MATERIAL TO PROCESS: Begin

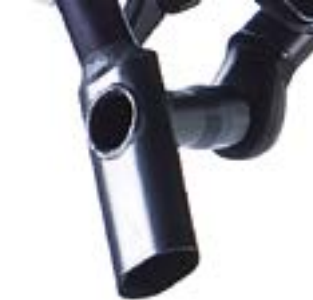
// ATT080025 Griff, vertikal, 25° Winkel, oval, Durchmesser 37 x 21 mm
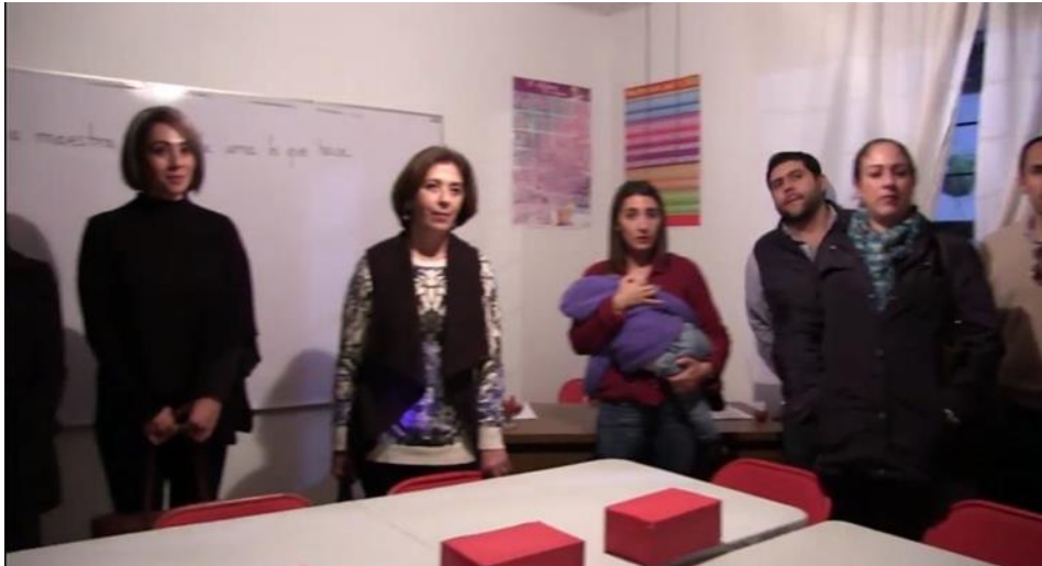
25 DE ENERO 2018. INAUGURACIÓN CASA LÍDERES.
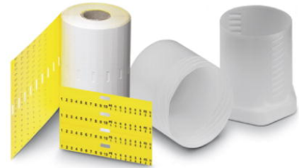
Abbildung zeigt den Artikel TMT 4 R YE

http://eshop.phoenixcontact.de/phoenix/treeViewClick.do?UID=0816605
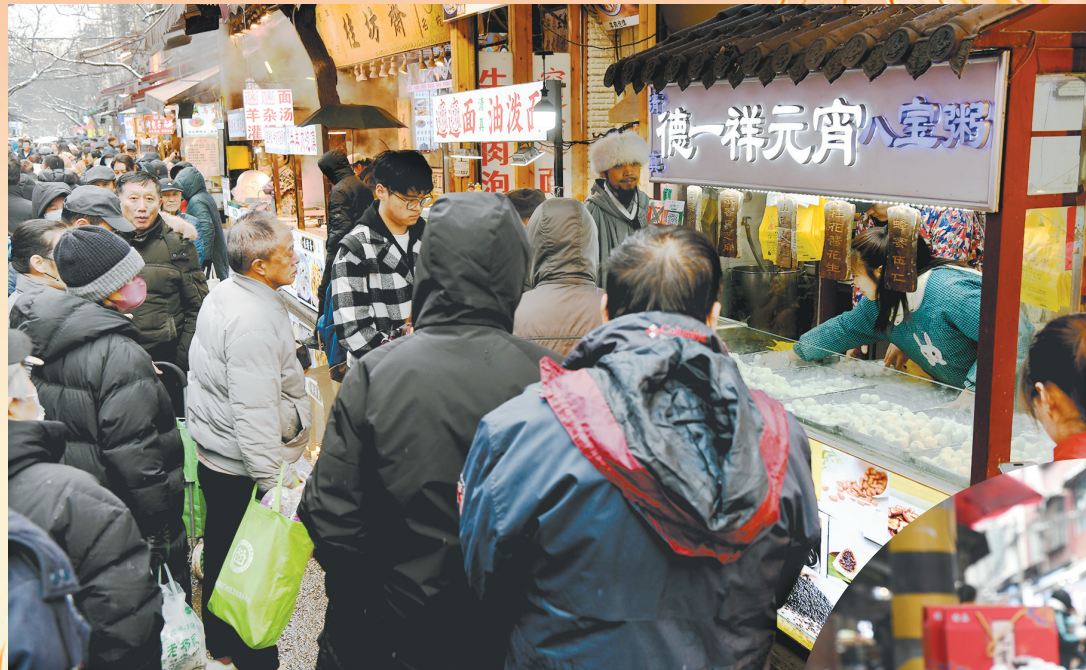
市民在西安市回民街购买元宵。
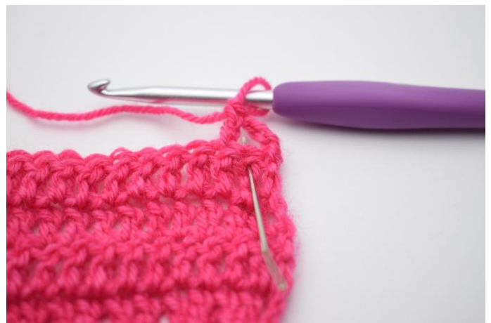
4. Lavora 1 m.a nella 2° m. che hai saltato.
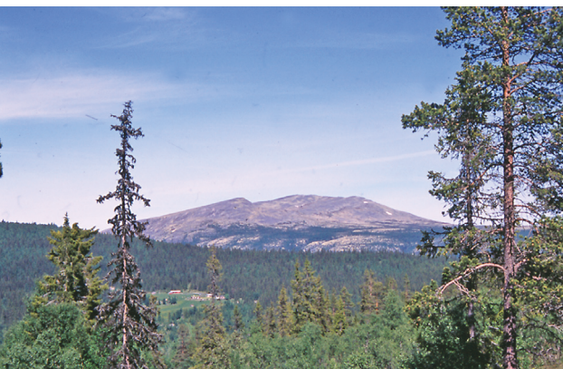
... krysser Aumdalen ved Søgardsvangan ...
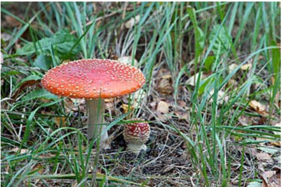
Iso ja pieni, Pertti Jämä, kunniaininta. Hieman perinteisemmin sommiteltu sienikuva, kuin nuorten sarjan voittanut kuva. Sienet sijoitettu kuvassa kultaiseen leikkaukseen, mikä saa aikaan harmonisen kokonaisuuden.
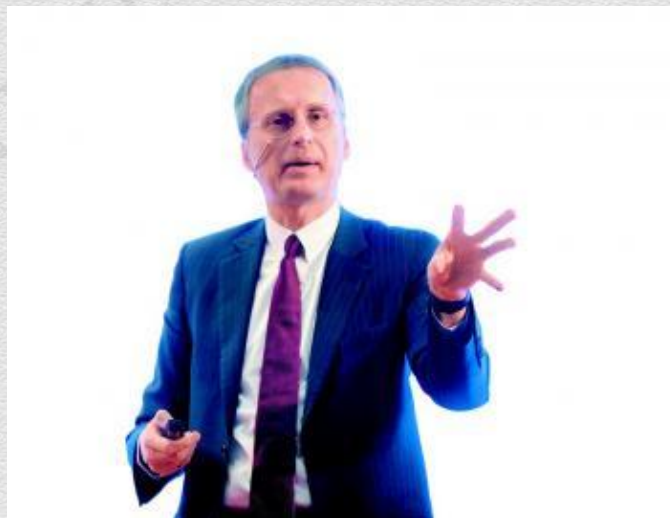
《大数据时代》作者、牛津大学教授维克托·迈尔·舍恩伯格在亚洲教育论坛年会上
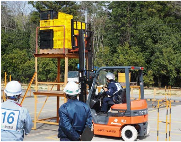
←バッテリー・カウンターフォーク の運転操作体験
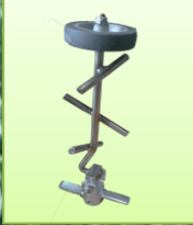
ชุดกวนปุ๋ยในถังป้องกันไม่ให้ ปุ๋ยจับตัวทำด้วยสแตนเลส

MATERIAL TO PROCESS: End

The data needs to be reproduced exactly, please, apart from its pictures.

// ATT080025 Griff, vertikal, 25° Winkel, oval, Durchmesser 37 x 21 mm
25 DE ENERO 2018. INAUGURACIÓN CASA LÍDERES.
Abbildung zeigt den Artikel TMT 4 R YE

http://eshop.phoenixcontact.de/phoenix/treeViewClick.do?UID=0816605
市民在西安市回民街购买元宵。
4. Lavora 1 m.a nella 2° m. che hai saltato.
... krysser Aumdalen ved Søgardsvangan ...
Iso ja pieni, Pertti Jämä, kunniaininta. Hieman perinteisemmin sommiteltu sienikuva, kuin nuorten sarjan voittanut kuva. Sienet sijoitettu kuvassa kultaiseen leikkaukseen, mikä saa aikaan harmonisen kokonaisuuden.
《大数据时代》作者、牛津大学教授维克托·迈尔·舍恩伯格在亚洲教育论坛年会上
←バッテリー・カウンターフォーク の運転操作体験
ชุดกวนปุ๋ยในถังป้องกันไม่ให้ ปุ๋ยจับตัวทำด้วยสแตนเลส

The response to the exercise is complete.